== Source data ==
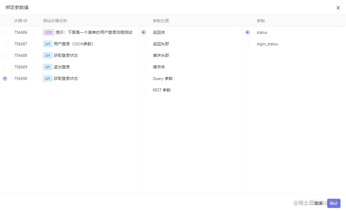 鼠标放置在参数值的输入框上时,会自动显示绑定其他步骤参数和关联数据集变量的按钮,您可以点击绑定按钮为该参数进行绑定,实现动态传参的效果:
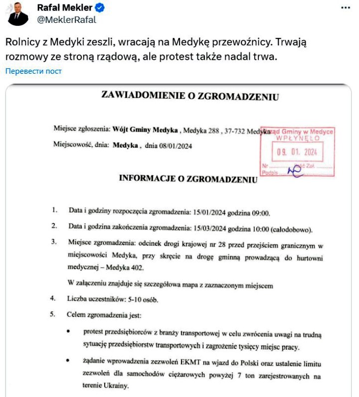 Польские перевозчики грозятся снова заблокировать границу в пункте пропуска «Медика-Шегини» с 15 января до 15 марта. Об этом сообщил организатор блокады Рафал Меклер в соцсети X (ранее Twitter).
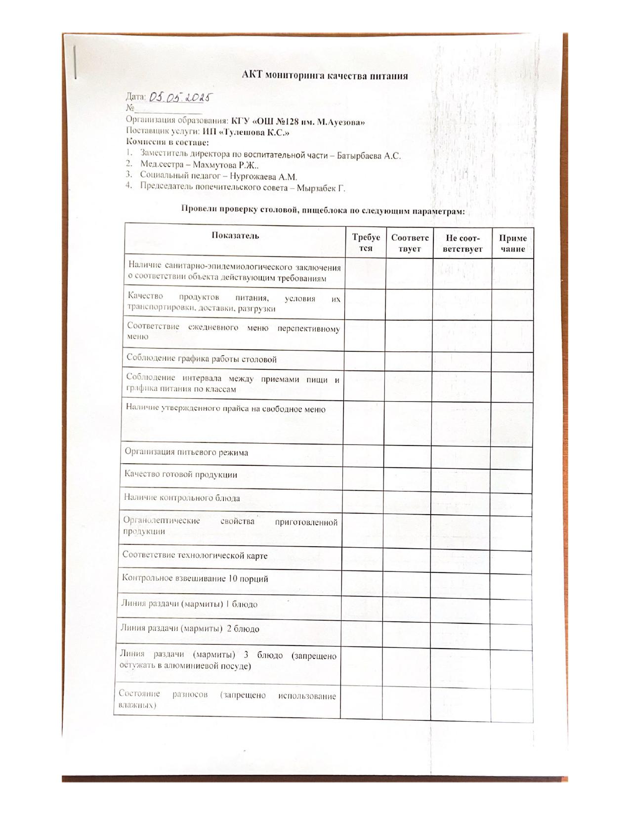 » » Чек-лист мониторинга за организацией школьного питания
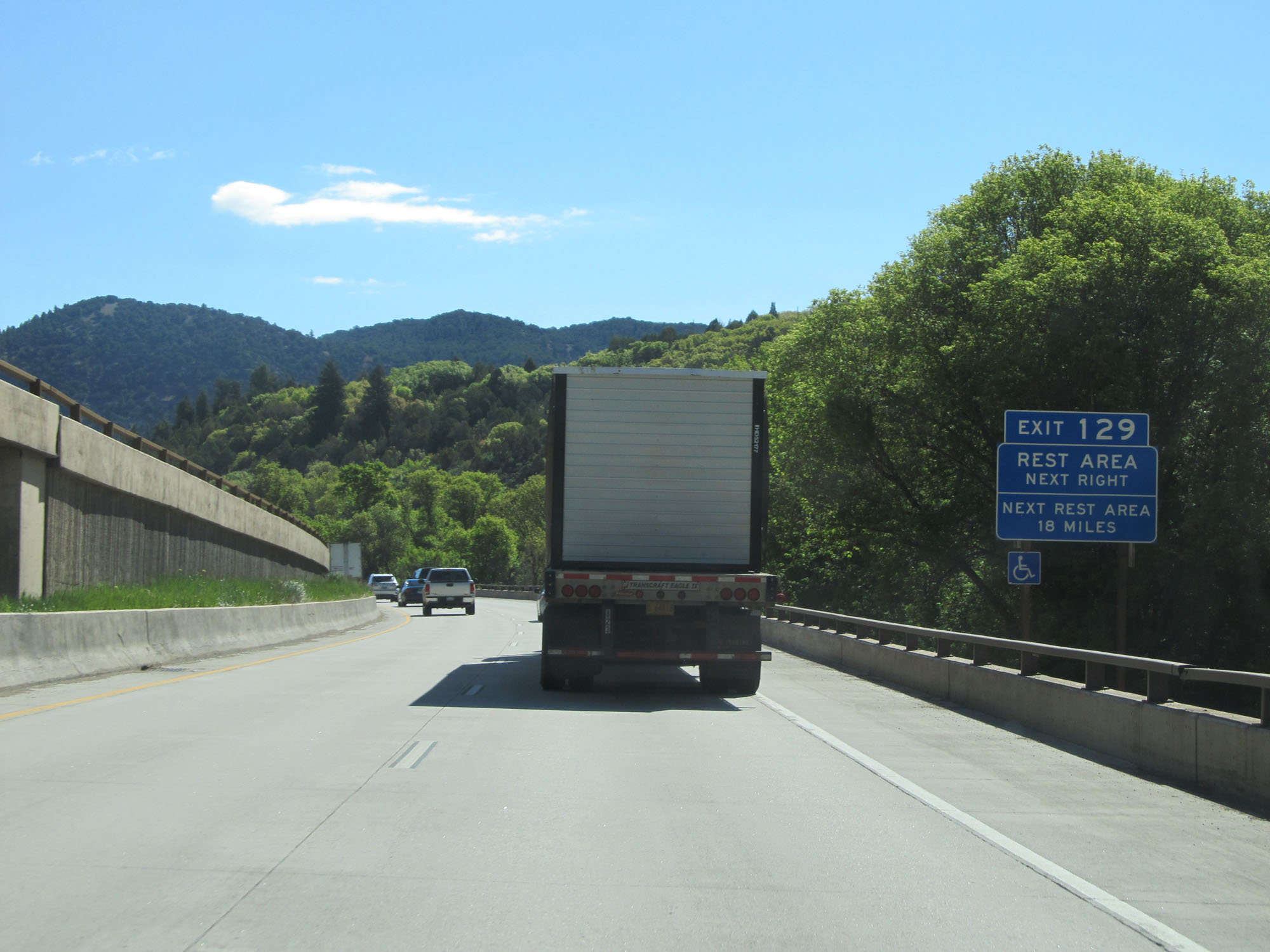 A Rest Area exists off Exit 129 ahead. The next Rest Area beyond this one is 18 miles ahead. (Photo taken 5/28/16). |
===
Write out only the lines from the line containing "организацией школьного питания" through the end of the material above, both end lines included. Pictures are not written out.

 » » Чек-лист мониторинга за организацией школьного питания
 A Rest Area exists off Exit 129 ahead. The next Rest Area beyond this one is 18 miles ahead. (Photo taken 5/28/16). |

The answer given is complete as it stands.